Quantum-rotor-induced polarization is closely related to para-hydrogen-induced polarization. In both cases, the hyperpolarized spin order derives from rotational interaction and the Pauli principle by which the symmetry of the rotational ground state dictates the symmetry of the associated nuclear spin state. In quantum-rotor-induced polarization, there may be several spin states associated with the rotational ground state, and the hyperpolarization is typically generated by hetero-nuclear cross-relaxation. This review discusses preconditions for quantum-rotor-induced polarization for both the 1-dimensional methyl rotor and the asymmetric rotor H217O@C60, that is, a single water molecule encapsulated in fullerene C60. Experimental results are presented for both rotors.

Dynamic Nuclear Polarization of Long-Lived Nuclear Spin States in Methyl Groups

Dumez, J.-N., et al., Dynamic Nuclear Polarization of Long-Lived Nuclear Spin States in Methyl Groups. The Journal of Physical Chemistry Letters, 2017. 8(15): p. 3549-3555.

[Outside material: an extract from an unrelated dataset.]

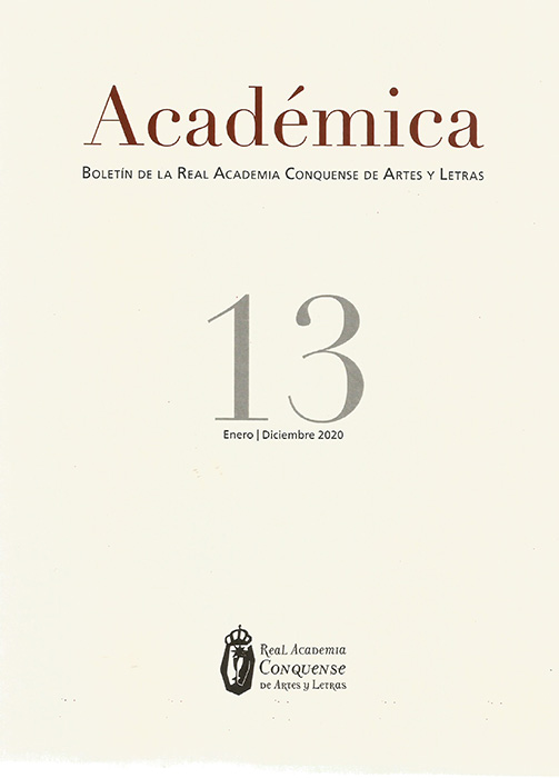La Real Academia Conquense de Artes y Letras acaba de publicar una nueva entrega, la número13, de su revista “Académica”. En sus doscientas cuarenta páginas, además de la detallada reseña del hacer de la institución a largo del año 2020, se recogen artículos tanto de los propios académicos como de otras firmas invitadas.

http://dx.doi.org/10.1021/acs.jpclett.7b01512

We have induced hyperpolarized long-lived states in compounds containing 13C-bearing methyl groups by dynamic nuclear polarization (DNP) at cryogenic temperatures, followed by dissolution with a warm solvent. The hyperpolarized methyl long-lived states give rise to enhanced antiphase 13C NMR signals in solution, which often persist for times much longer than the 13C and 1H spin–lattice relaxation times under the same conditions. The DNP-induced effects are similar to quantum-rotor-induced polarization (QRIP) but are observed in a wider range of compounds because they do not depend critically on the height of the rotational barrier. We interpret our observations with a model in which nuclear Zeeman and methyl tunnelling reservoirs adopt an approximately uniform temperature, under DNP conditions. The generation of hyperpolarized NMR signals that persist for relatively long times in a range of methyl-bearing substances may be important for applications such as investigations of metabolism, enzymatic reactions, protein–ligand binding, drug screening, and molecular imaging.